Commercial bank officials and economic analysts said the economy was going through a period of adjustment with interest rates coming down after staying high for a long period and that the government has a delicate balancing act in catering to the interests of borrowers and depositors.

Rates are falling not only because the Central Bank has been gradually bringing down its benchmark rates but also because of excess liquidity in the market given the inflows of foreign funds.

Borrowers and depositors still complain that banks continue to maintain high margins but bankers defended their position saying they had reduced rates to good clients and that margins were not excessive given their high costs and provisioning for reserve requirements and bad loans.

"We can really lend only 60 percent of our deposits since the rest is locked up in meeting reserve or liquidity requirements and do not earn interest," said Gaston Gunawardena of the Sri Lanka Bankers' Association.

"Our lending rates are not very high. Except for unsecured overdrafts or temporary overdrafts, no bank charges more than 20 percent for loans," He said that despite the appearance that banks were making excessive profits their profits were less than one percent of assets. Banks were also compelled to tie up funds for bad loan provisioning.

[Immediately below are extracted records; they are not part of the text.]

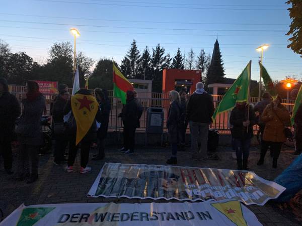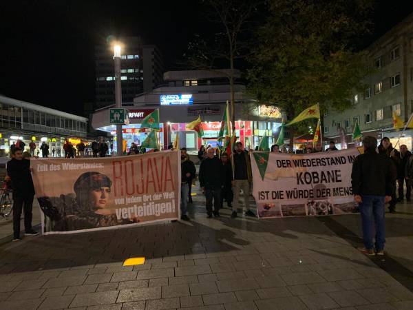 Çalakgeran pankarta bi nivîsa "Parastina Rojava li her deverê ye" hildan û bi Elmanî û Kurdî ji bo berxwedana Rojava dirûşm qîriyan.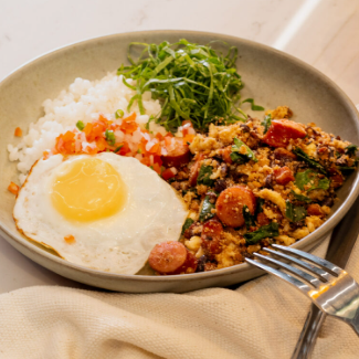 Acompanhamentos: arroz branco e 2 ovos fritos.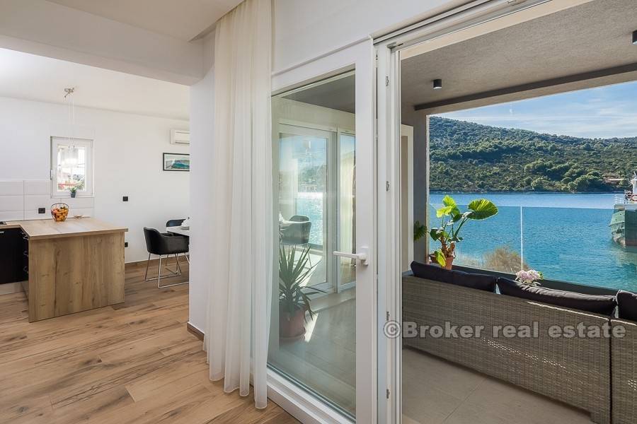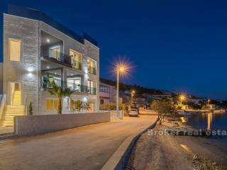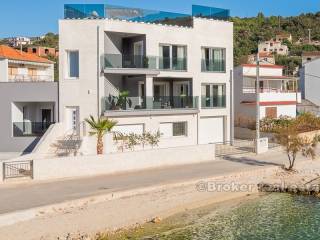 Элегантная, ориентированная на юг вилла в первом ряду от моря, расположенная в тихой рыбацкой деревушке, недалеко от города Трогир. Вилла расположена на трех этажах, общей площадью 330 м2 жилой площади, размещенной на участке площадью 410 м2.

"In many parts of the world defaulters are brought to courts very fast because their legal systems are much faster than ours." P.G. Hemachandra, administrative secretary of the All Ceylon Pensioners' Society, said pensioners who had deposits in state banks had no option since shifting their money to private banks entailed higher risk and because they did not have enough money for other investments with higher returns such as stocks.

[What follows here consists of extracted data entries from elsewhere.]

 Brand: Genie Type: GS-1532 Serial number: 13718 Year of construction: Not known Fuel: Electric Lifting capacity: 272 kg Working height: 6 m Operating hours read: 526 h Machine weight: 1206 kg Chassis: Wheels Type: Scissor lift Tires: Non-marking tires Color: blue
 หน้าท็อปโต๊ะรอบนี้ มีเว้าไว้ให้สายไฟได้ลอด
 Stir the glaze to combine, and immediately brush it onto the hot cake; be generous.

"We have been badly affected because interest rates have come down. We can't manage with our pensions," said Hemachandra, a Postal Department employee who retired in 1973. Upali S. Jayasekera, president of the society, said rates have come down partly owing to the stabilisation of the economy.

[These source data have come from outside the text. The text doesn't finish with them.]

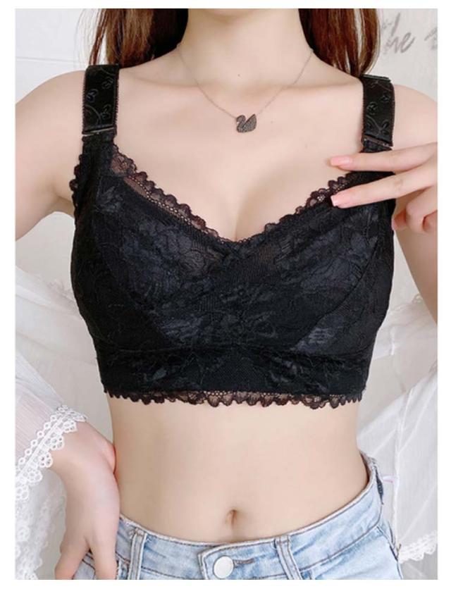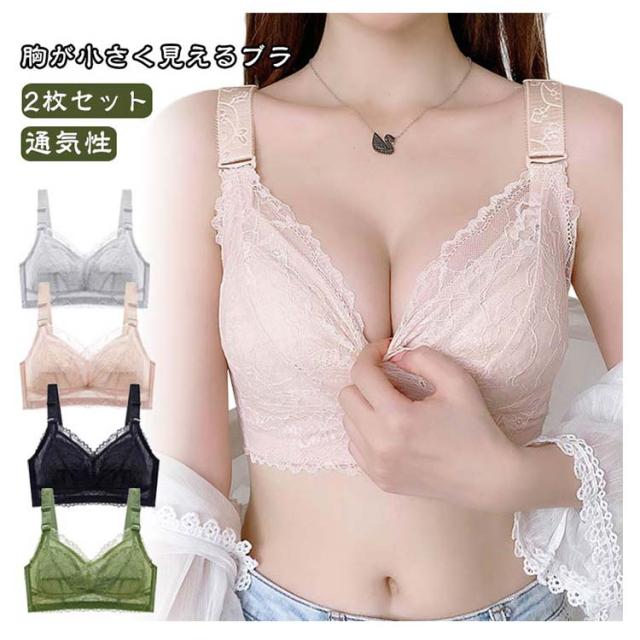 薄手 2枚セット レディース 胸が小さく見えるブラ 総レース 胸を小さく見せるブラジャー ブラジャー 花柄レース カップ付き 可愛い レースデザイン 通気性 小さく見せるブラ ノンワイヤーブラジャー 2枚セット 着痩せブラ 育乳ブラジャー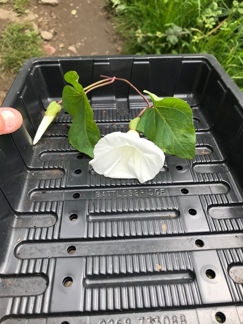 Bindweed convovulus arvensis. Its in the Morning Glory family but unfortunately it spreads like wildfire.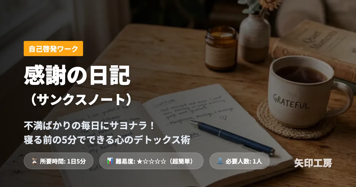 何も特別な道具はいらず、たった一人で、寝る前の5分でできる「感謝の日記」。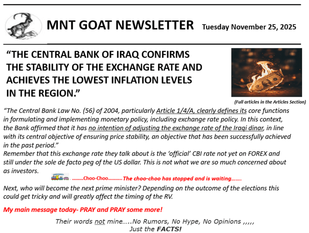 We as investors as well as the U.S. government under the Trump administration are waiting for the results of the election. I do not think they will come out with the prime minister until after US Special Envoy Mark Savaya’s visit. Al-Sudani has the BEST chance of having a second term. Since he moved his votes to the Coordination party his chances increased tremendously. This meeting is happening this week prior to Thanksgiving. So, if I hear any good news I will have a short Newsletter on Thursday to inform you of what news may come out of it. I will also have my normal Wednesday call to Iraq and so I will also let you know what my contact believes will happen next. Let’s pray it is what we want and the CBI can move ahead with the planned next phrase of the currency reform which is really a long awaited financial reform on steroids.

"So in one way you must be satisfied that the economy is improving as that benefits the whole country. But pensioners find it difficult to cope with the rising cost of living.
However, we're not affected by lower interest rates because very few pensioners have deposits."

Economic analysts said lower interest rates were a combination of both reduced government rates and excess liquidity. "The government is being very cautious in its operations and there has been a general improvement in its cash management," an analyst said.

"Lending rates have indeed fallen but they have been a bit slow in doing so. Banks say they have high costs and provisioning for bad loans and therefore can't reduce rates as much as expected. They also say sometimes they do not want to reduce rates too much to clients who are not credit worthy in order to discourage bad loans."

"We have reduced rates but because of the risk factor we can't quote the same rate to everybody," said a senior Commercial Bank official. "All our prime clients - the risk factor is minimal. But we have an obligation to safeguard depositors' funds.
"When interest rates come down there'll be a different impact on different sectors of the economy. Borrowers will be happy but depositors, including pensioners, will be unhappy. Policy makers have to maintain a balance."